54 A.D.3d 79, 862 N.Y.S.2d 535
CourtAppellate Division of the Supreme Court of the State of New York
DecidedJuly 15, 2008
StatusPublished
Cited by17 cases

This text of 54 A.D.3d 79 (Caboara v. Babylon Cove Development, LLC) is published on Counsel Stack Legal Research, covering Appellate Division of the Supreme Court of the State of New York primary law. Counsel Stack provides free access to over 12 million legal documents including statutes, case law, regulations, and constitutions.

Bluebook
Caboara v. Babylon Cove Development, LLC, 54 A.D.3d 79, 862 N.Y.S.2d 535 (N.Y. Ct. App. 2008).

Opinion

OPINION OF THE COURT

Ritter, J.

In 1921, the Legislature enacted the Martin Act, New York’s version of blue sky laws (see General Business Law art 23-A). The act prohibits a broad range of fraudulent and deceitful conduct as to securities. Enforcement of the act is vested exclusively with the Attorney General of the State of New York (hereinafter the Attorney General). Here, we are asked to determine whether the plaintiffs’ causes of action to recover damages for common-law fraud and breach of contract are preempted by the Martin Act because the allegations giving rise to the same would support a Martin Act violation. We hold that they are not. While there is no express or implied private right of action under the Martin Act, private causes of action sounding in common-law fraud and breach of contract may rest upon the same facts that would support a Martin Act violation as long as they are sufficient to satisfy traditional rules of pleading and proof. Thus, here, the Supreme Court erred in dismissing the plaintiffs’ common-law fraud and breach of contract causes of action as preempted by the Martin Act.
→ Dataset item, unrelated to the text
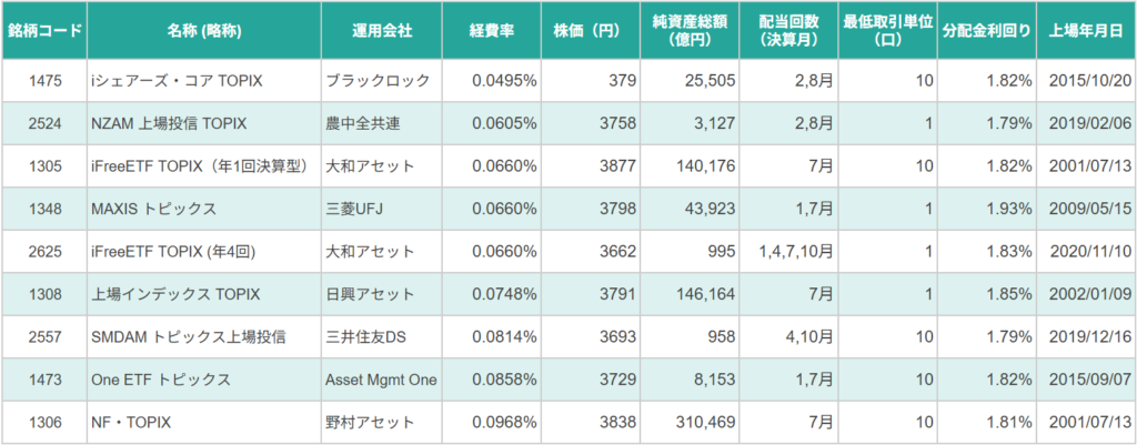 続いて、ETF(上場投資信託)を見ていきましょう。 主要なTOPIX連動の東証ETF一覧がこちらです。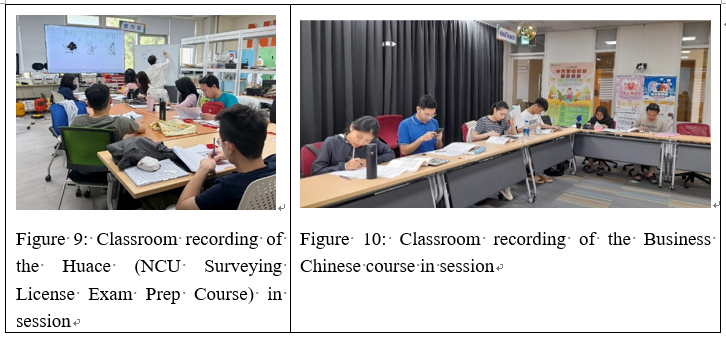In language support, seven themed Chinese-language activities (including TOCFL preparation and cultural experience courses, Figures 9–10) attracted 325 participants cumulatively. English training (TOEIC and speaking classes) involved 28 administrative staff. Over 10 career workshops, enterprise visits, and cross-cultural events were held in 2025. Campus bilingualization included updating administrative building signage and renovating 144 bilingual directional signs, significantly enhancing readability and friendliness for international faculty and students.

The defendant Babylon Cove Development, LLC is the sponsor of a townhouse condominium project. The defendants Michael J. Posillico, Joseph K. Posillico, Paul E Posillico, and Joseph D. Posillico III are its members (hereinafter referred to collectively as members). The plaintiffs are purchasers of indi[81]*81vidual units. One condition of the grant of the required zoning approval for the project was that all units be owner-occupied and not rented. However, this restriction was not set forth in the offering plan for the project. To the contrary, the offering plan stated that owners retained the right to rent units. The terms of the offering plan were incorporated by reference into the contracts for the sale of the units. After learning of this discrepancy, the plaintiffs commenced this action, inter alia, to recover damages for common-law fraud and breach of contract. The sponsor and members moved to dismiss the complaint insofar as asserted against them pursuant to CPLR 3211 (a) (1), (3) and (7), arguing, among other things, that the plaintiffs were seeking, in effect, to prosecute private causes of action under the Martin Act. In the order appealed from, the Supreme Court granted such relief. The plaintiffs appeal from so much of the order as granted those branches of the motion which were to dismiss the causes of action to recover damages for common-law fraud and breach of contract insofar as asserted against the sponsor and members. We reverse the order insofar as appealed from.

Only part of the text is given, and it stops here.